Different Types of Data Structures in Pandas
Pandas has two main types of data structures: Series and DataFrame. These data structures are built on top of NumPy, which means they are fast.
1. Series
A Series is a one-dimensional array-like object that can hold any data type (integers, strings, floating points, Python objects, etc.). It labels each data point with a unique identifier, which by default is a number from 0 to N (N being the length of the data - 1).
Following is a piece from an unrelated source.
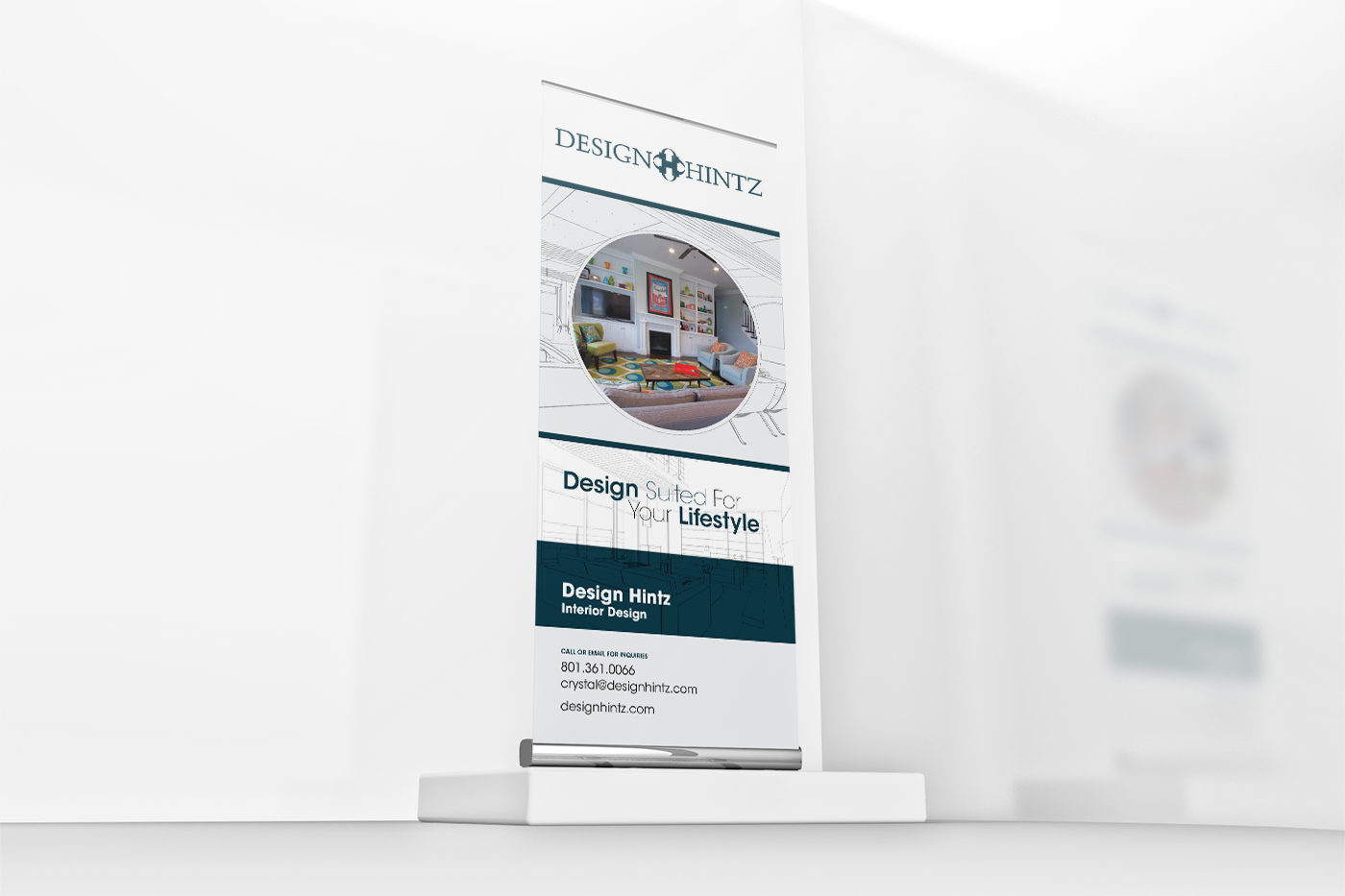 Roll up banner design for an interior design company. My client wanted an advertisement that showcased one of their interior designs. I utilized some of her architectural drawings to give the banner some texture while showing off some more work.

For example, imagine we have a series of four different fruits. In a pandas Series, this data will look something like this:
Index | Item |
0 | Apple |
1 | Banana |
2 | Cherry |
3 | Blueberry |
In the example above, each fruit is associated with a unique index (0 to 3).
2. DataFrame
A DataFrame is a two-dimensional table of data with rows and columns. Like a series, the rows are all labeled with a unique index. However, in a DataFrame, the columns are also labeled. DataFrames are great for representing real-world data because they allow you to store heterogeneous types of data (numeric, date-time, text, etc.) in the same table, all aligned by the same index.
For example, imagine we have a DataFrame that contains information about those same four fruits, such as their color and weight. In a pandas DataFrame, this data will look something like this:
Index | Item | Color | Weight |
0 | Apple | Red | 150 |
1 | Banana | Yellow | 120 |
2 | Cherry | Red | 5 |
3 | Blueberry | Blue | 1 |
In the example above, each fruit is associated with an index (0 to 3), and each attribute of the fruit (color, weight) is a labeled column.
Key Points about Pandas Data Structure
key points about pandas data structures:
-
Two Main Data Structures: Pandas provides two key data structures - Series and DataFrame. A Series is a one-dimensional labeled array capable of holding any data type, while a DataFrame is a two-dimensional labeled data structure with columns of potentially different types.
-
Handling of Different Data Types: Both Series and DataFrames can hold various data types such as integer, float, string, and Python objects. A DataFrame can hold different types of data in each column.
-
Data Alignment: One of the critical features of pandas data structures is the behavior of the arithmetic operations between objects with different indexes. Pandas automatically aligns data in calculations by the index labels.
-
Handling Missing Data: Pandas data structures cater well to missing data. It represents missing or NA values using the
np.nan
object from NumPy. -
Manipulation and Transformation: Pandas data structures are mutable. They can be modified directly or transformed to derive new objects. You can add, remove, or update values. This makes pandas powerful for data wrangling and preprocessing.